Así que te dejo los cálculos para tí:

XC <  [(R9+R10)/10]


Y como sabes C=1/(2*PI*Fmin*XC)

¿Porqué Fmin? porque a la menor frecuencia presenta la mayor impedancia...

La Fmin si es para audio serça unos 20 Hz...

Con lo cual ya tienes todos los cálculos, sustituye, opera y listo.


----------



## juanma (May 17, 2009)

Buenas.

En un emplificador de 3etapas (input, VAS y output), el input es una etapa de transconductancia, es decir, convierte tension en corriente.
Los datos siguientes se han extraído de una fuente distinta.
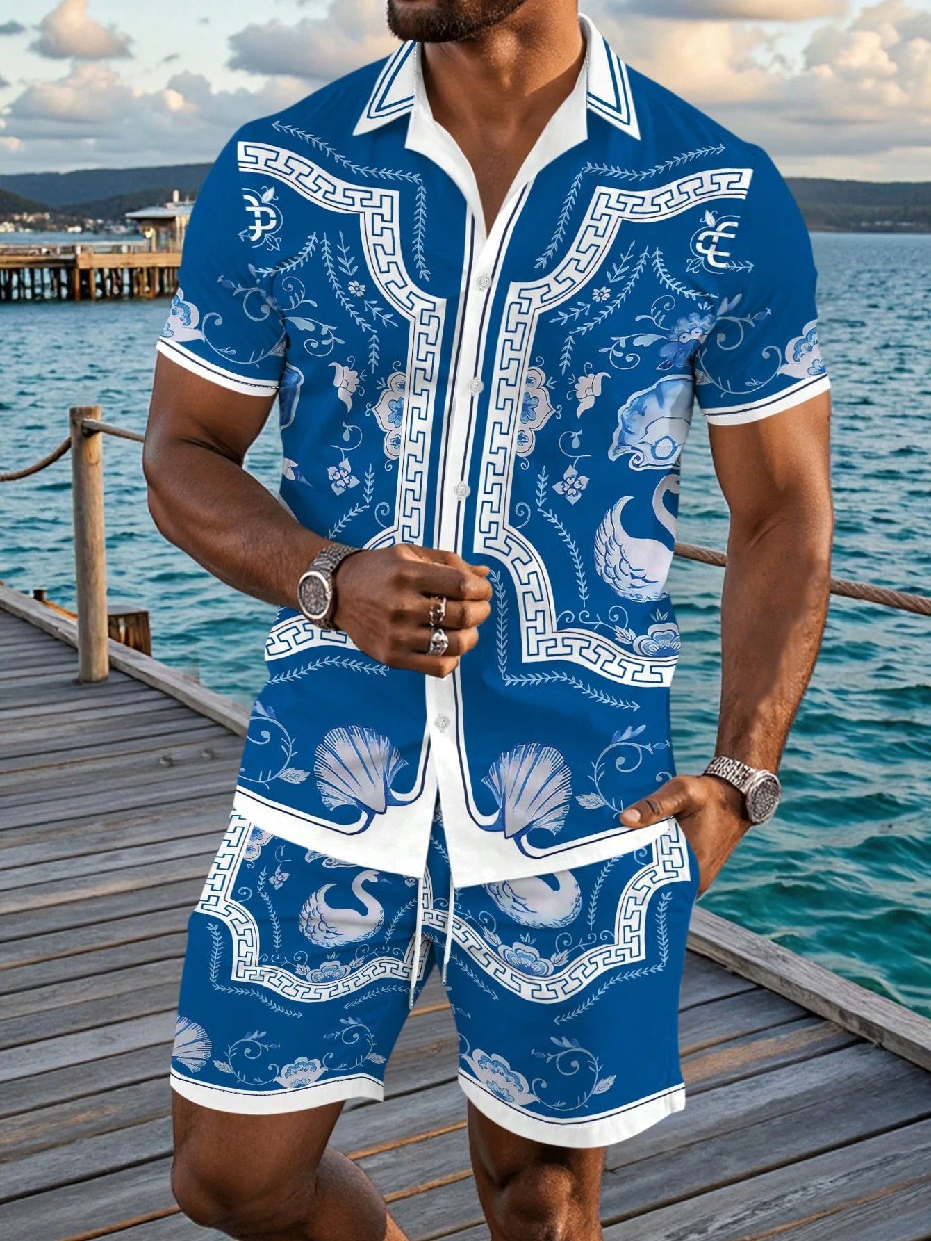 AliExpress 2025 새로운 캐주얼 루즈 패션 고품질 남성 반팔 쿠바 칼라 셔츠 반바지 정장스토어 가기

El VAS convierte corriente en tension y la etapa de salida generalmente tiene una ganancia de tension menor que uno, pero una considerable en corriente.
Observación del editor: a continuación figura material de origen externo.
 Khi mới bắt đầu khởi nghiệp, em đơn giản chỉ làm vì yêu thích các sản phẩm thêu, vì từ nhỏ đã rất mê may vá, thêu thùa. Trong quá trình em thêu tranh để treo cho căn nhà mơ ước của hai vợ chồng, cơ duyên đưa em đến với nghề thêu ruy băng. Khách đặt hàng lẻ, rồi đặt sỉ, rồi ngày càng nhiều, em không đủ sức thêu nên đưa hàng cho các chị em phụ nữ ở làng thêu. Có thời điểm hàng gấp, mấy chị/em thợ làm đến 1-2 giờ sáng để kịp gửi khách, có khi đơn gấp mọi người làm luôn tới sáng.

Probaria simularlo sin R7. En ningun esquema he visto alguna R en la salida del input.
Aparte en un amplificador corriente-tension, tenes que tener una impedancia de entrada baja, y al ponerle una R en serie lo estas aumentando. 
Tomando el modelo hibrido, el VAS  tiene una impedancia de entrada de 700Ω(hfe+1) + r`e*hfe, con esa R lo estas aumentando a 700Ω(hfe+1) + r`e*hfe + 1000Ω.

Tambien probaria de reemplazar R8 por una fuente de corriente, esta bien explicado en el Douglas.

Lo armaste en la realidad o solo simulacion?
Saludos


----------



## Syd (May 18, 2009)

hola!
muchas gracias por vuestros aportes! tomo nota de lo que me dices a ver si consigo echarlo a andar en PSPICE jeje.
Perdonad mi ignorancia en el tema de diseño de amplificador, es el primero que estoy diseñando y tengo muchas lagunas, pero quiero empezar a rellenarlas ;-)
No sabia eso de las partes de un amplificador de 3 etapas. Lo anoto!
que significa exactamente VAS?¿
voy a probar lo que tu me dices de quitarle la R7, aunque la cosa es que el esquema me lo dieron echo en clase, lo que tengo que hacer yo es dimensionar los componentes de acuerdo a la potencia que tiene que suministrar la etapa. Entonces tampoco puedo andar quitando muchas cosas jeje sino...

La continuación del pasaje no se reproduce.